For the fall play, drama director Gail Brower-Nedler wanted a show
that would bridge the chasm between various factions by exposing the raw
feelings universally shared by people, no matter what group they happen
to be in.
She chose “The Boys Next Door”, a poignant rendering of four mentally
disabled men in a group home who have to deal with the possibility of
their social worker abandoning them.
The show earned rave reviews and is providing the actors with an
opportunity to perform for state legislators later this month.
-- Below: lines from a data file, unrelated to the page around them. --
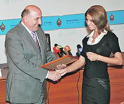 Пенсионерке вручили телевизор, мобильный телефон и грамоту. Не остались без подарков и два друга — Иван Мишин и Юрий Макаров. Они сами 17 июня на Михневской улице скрутили поджигателя автомобиля «ЗИЛ» и сдали его милиции. После награждения генерал-полковник милиции Владимир Пронин заявил, что пора уже поставить точку во всей шумихе вокруг поджогов машин.
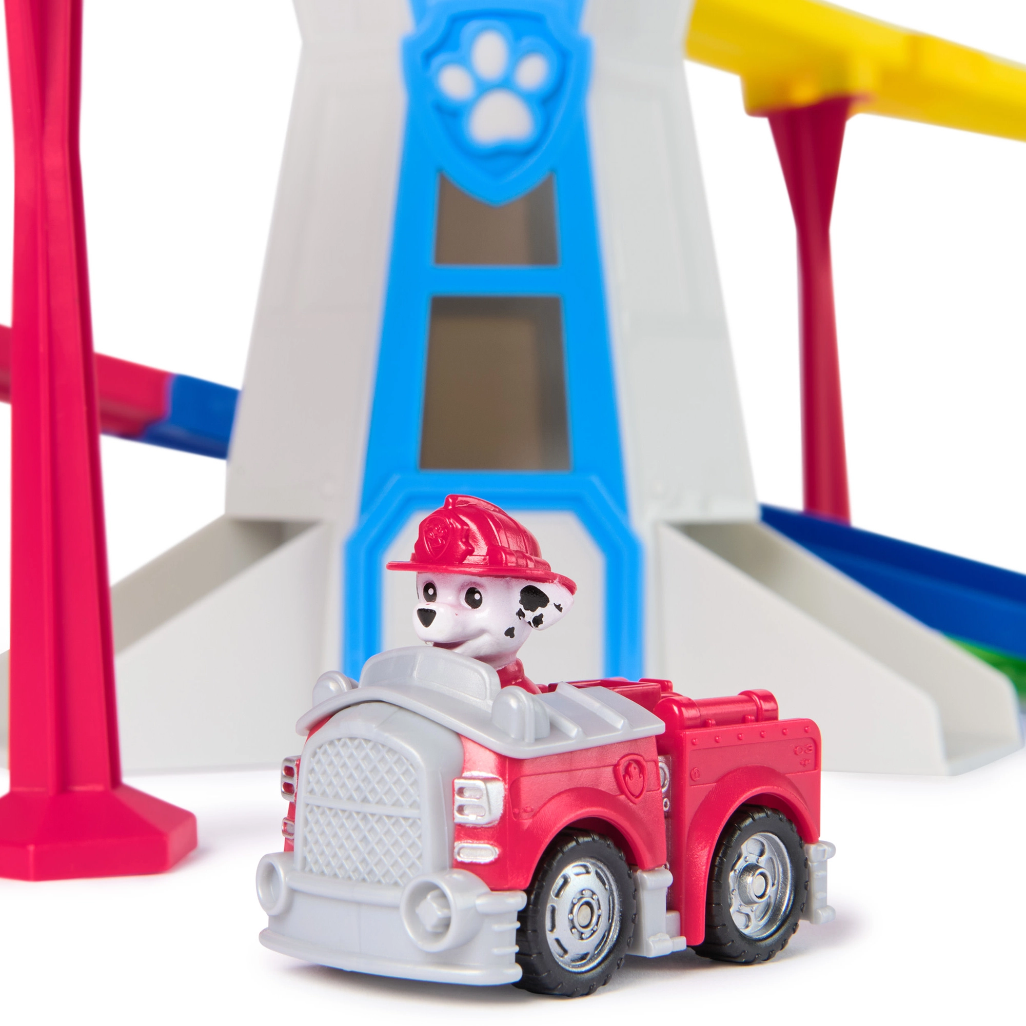 Questo robusto e colorato playset ispirato al mondo di PAW PATROL porta i bambini a Adventure Bay. La torre con dettagli realistici e due rampe larghe permette di lanciare i veicoli direttamente nell’azione: basta posizionare la macchinina in cima e partire per una missione di salvataggio.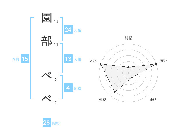園部 ぺぺさんを姓名の画数から五運を鑑定

The contemporary drama, which was made into a 1996 television movie
starring Nathan Lane and Robert Sean Leonard, had a profound affect on
the school by increasing the level of awareness and tolerance among
student, said the main cast members.
“This show touched everyone here,” said senior Jason Kraft, 17, who
plays one of the mentally disabled men. “There were some people on campus
that hated me. Now I talk to them.”
The cast started rehearsing in late September and quickly bonded into
a family -- so much so, that they still have a close connection and a
tendency to finish each others’ sentences. Their rehearsal schedule was
intense since they had to be ready for school performances in October.
In order to inhabit a world they had little experience in, they
enlisted the help of Corrie Rausch, who used to work at the Fairview
Adult Developmental Center and now works in the school’s special
education department.
“We did exercises so we would know what it felt like to be
discriminated against,” said junior Ryan Bean, 17, who plays a
manic-depressive.
Ryan said that he and the other actors and actresses invested so much
emotion in the characters that it was often hard to snap out of
character.
“We’d be in character from half an hour before the show until an hour
afterwords. We’d walk and talk like our characters,” Ryan said.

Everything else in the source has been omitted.